First, on the elbow to Mogilny, just because the Sabres didn't hack Chelios' head off, it doesn't mean they didn't go after him. As I remember it, Foligno tried to get him but a Canadien and a ref got in his way.
Second, I can't think of one time when Mogilny or Turgeon shot the puck in. I wish they would, because it sure helps set up goals. And why do you think we have players like Vaive and Andreychuk going to the nets? I'll tell you, to get rebounds from the shots at the blue line after they shoot the puck in. And if you think this team can't check; maybe you'd like to meet Mr. Kennedy or Mr. Ray. You can wear a Bruins jersey and let them squish you through those little camera holes in the glass.
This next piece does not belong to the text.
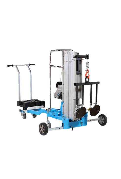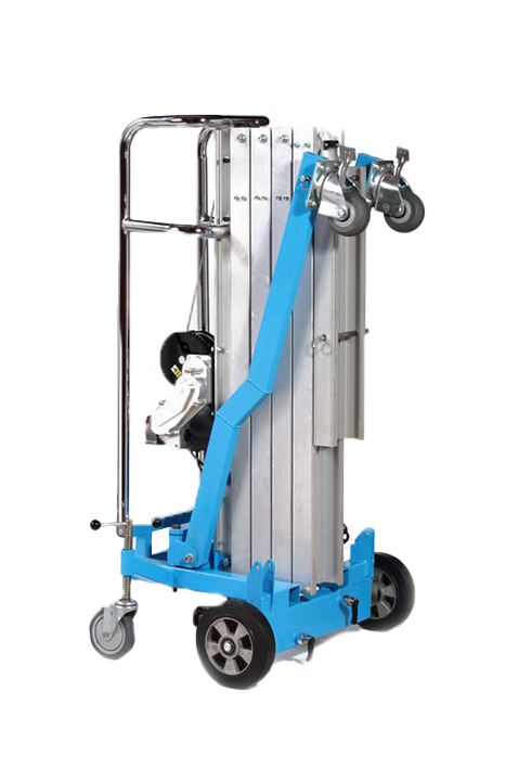 The BD400 electric lifter is ideal for lifting and placing heavy weights even close to walls or windows, capable of lifting up to 4.10 meters in height. Equipped with adjustable wheels with brakes, it can also be used on sloping terrain.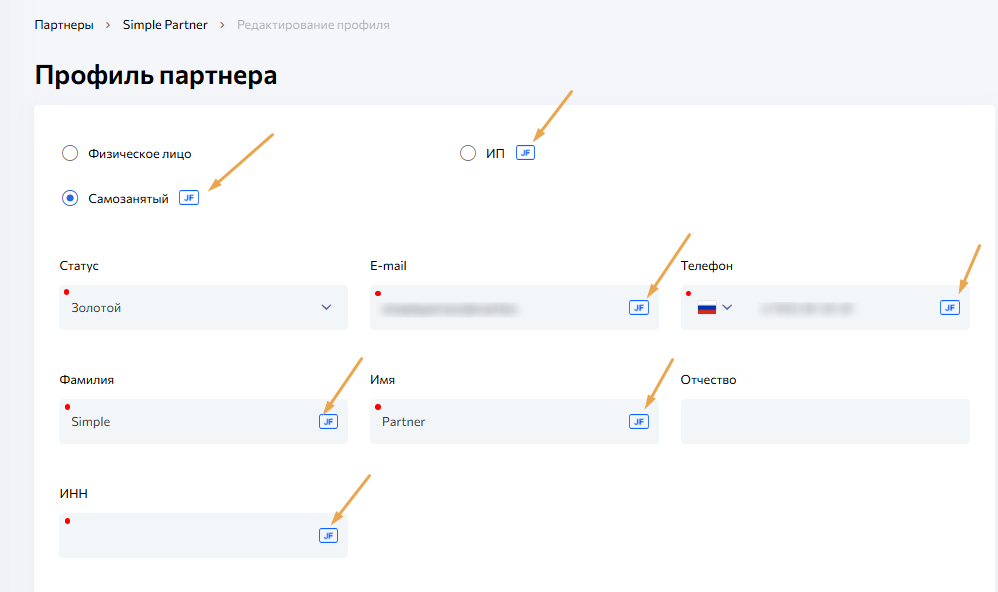 При создании партнера, на доступных для интеграции типах партнера, и в полях, которые обязательны для отправки партнера в JF появится соответствующий значок.

Third, would you rather watch the Zamboni go around the ice than win a car? I'm sure you love your Yugo, so I'll take the $15,000 car the Sabres organization is giving away. If you think the music is too loud, you should adjust your hearing aid because I can hear everything and everyone just fine.
So I don't care if you don't go to any more Sabres games, I'd rather have a real Sabres fan sitting next to me in the Aud rooting the Sabres to another win. That way, there's more champagne in the Stanley Cup for the real fans to drink!